◆ **TASK TO CARRY OUT**: All of the data that follows should be retyped exactly, please, except the pictures.

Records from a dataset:
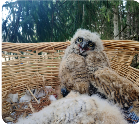
Great Horned Owl Re-nesting during the time WINC was closed to admissions

As we began our 26th year, no one knew of the impending pandemic on the horizon and the tremendous impact that it would have on the entire world—every person, business and organization.
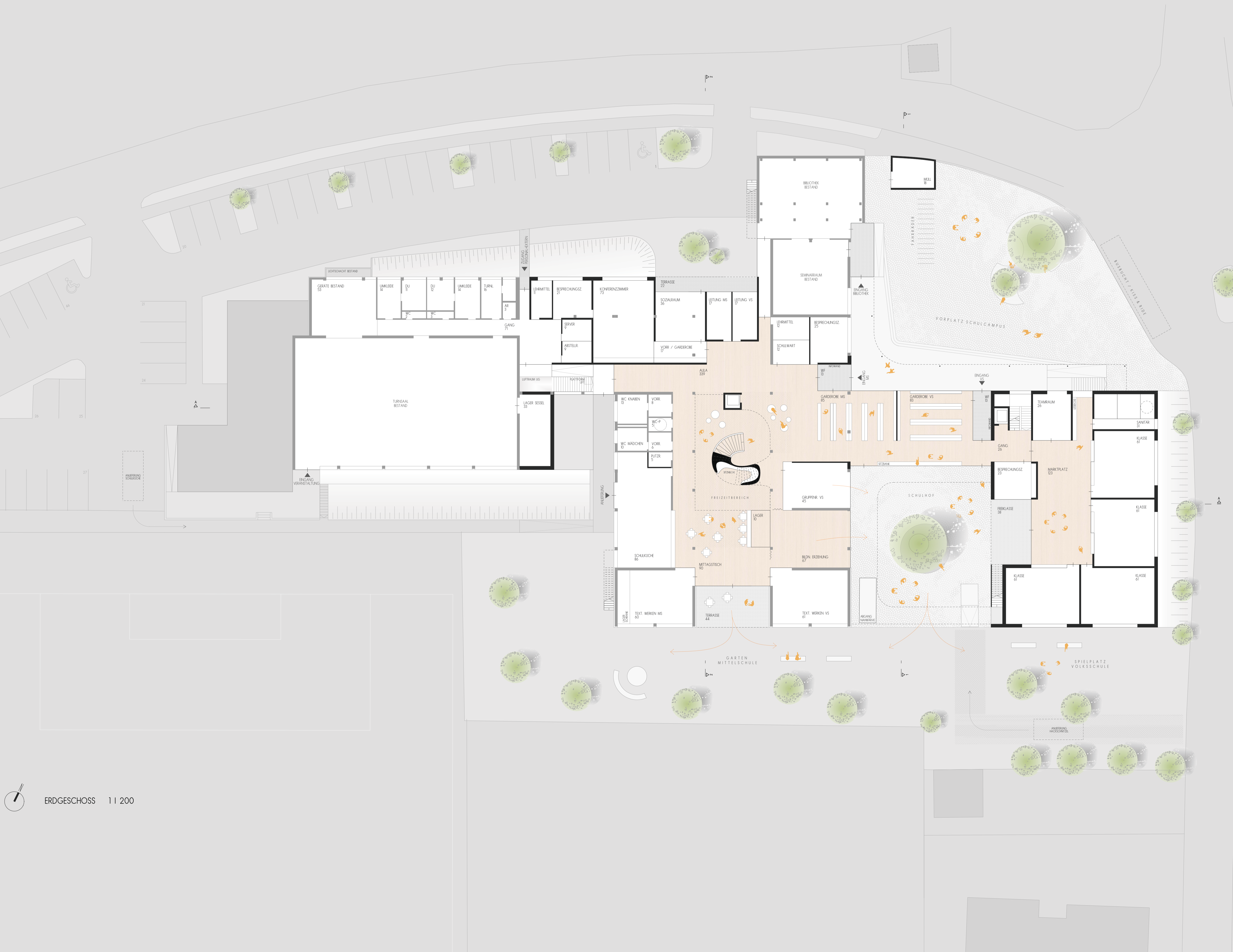
ERDGESCHOSS 1 | 200
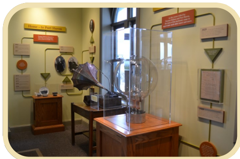
Displays and processes of his inventions.
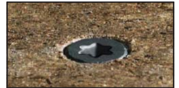
C-Deck Screw Specially-designed head and dual thread pull excess material into hole while countersinking
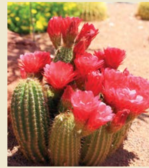
Argentine Giant Cactus

◆ **ANSWER SPACE**:
Great Horned Owl Re-nesting during the time WINC was closed to admissions

As we began our 26th year, no one knew of the impending pandemic on the horizon and the tremendous impact that it would have on the entire world—every person, business and organization.
ERDGESCHOSS 1 | 200
Displays and processes of his inventions.
C-Deck Screw Specially-designed head and dual thread pull excess material into hole while countersinking
Argentine Giant Cactus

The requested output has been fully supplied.